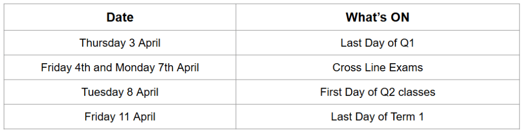 - Important Dates for Term 1
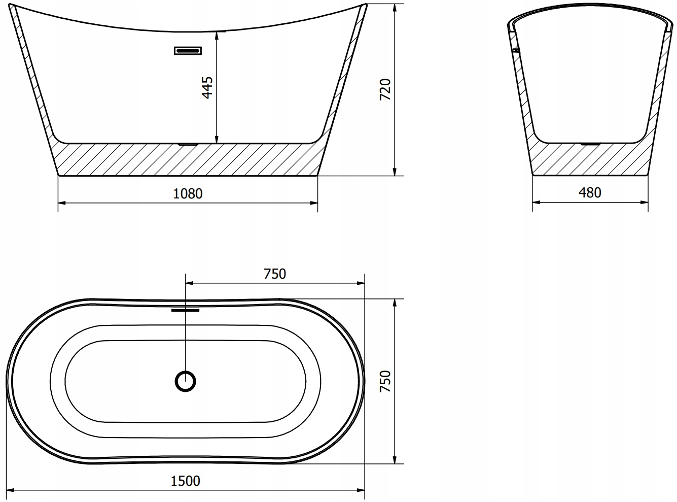 ВАННА MONTANA Окремо стояча 150 х 75 + СИФОН, ХРОМ II КОР.
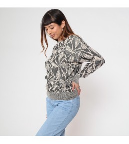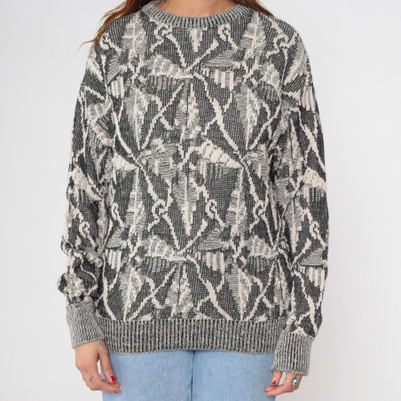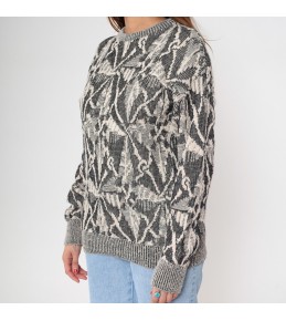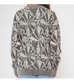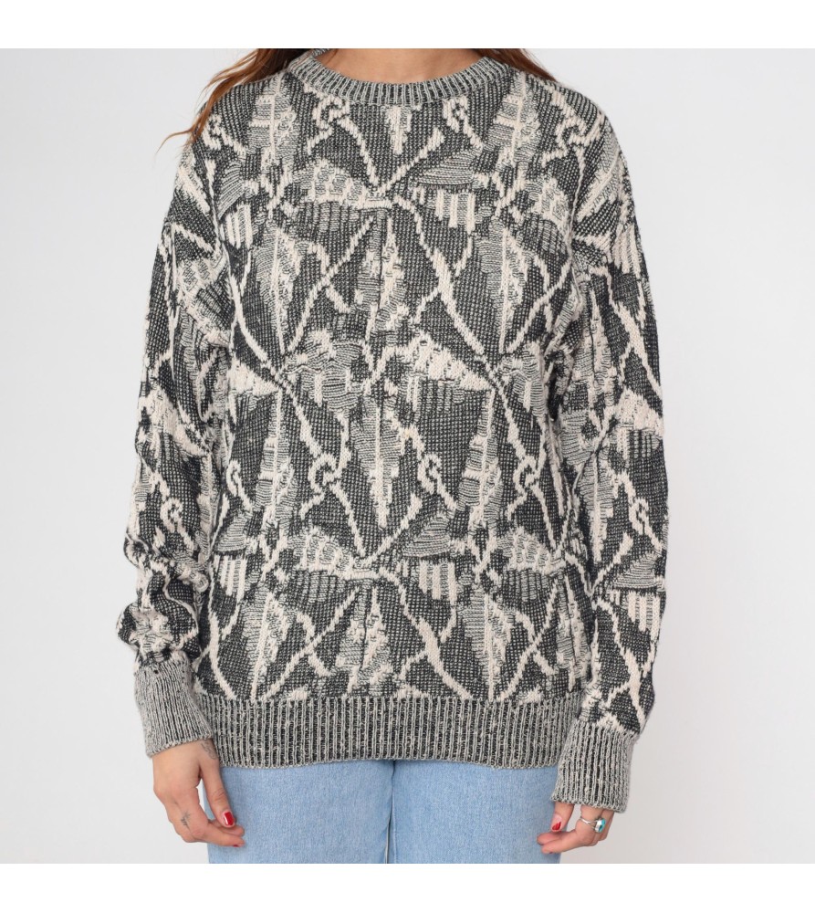 This grey knit sweater features an artistic, all-over jacquard pattern that looks like a hand-drawn abstract print. The tonal mix of charcoal, heather grey, and ivory creates depth while staying neutral and easy to style. With a classic crew neckline, long sleeves, and ribbed trim, it’s a comfortable cold-weather piece that instantly adds texture and visual interest to simple denim or solid-color bottoms.

**Exercise:**
The whole listing above is to be printed again exactly; pictures stay out of it.

**Response:**
 - Important Dates for Term 1
 ВАННА MONTANA Окремо стояча 150 х 75 + СИФОН, ХРОМ II КОР.
 This grey knit sweater features an artistic, all-over jacquard pattern that looks like a hand-drawn abstract print. The tonal mix of charcoal, heather grey, and ivory creates depth while staying neutral and easy to style. With a classic crew neckline, long sleeves, and ribbed trim, it’s a comfortable cold-weather piece that instantly adds texture and visual interest to simple denim or solid-color bottoms.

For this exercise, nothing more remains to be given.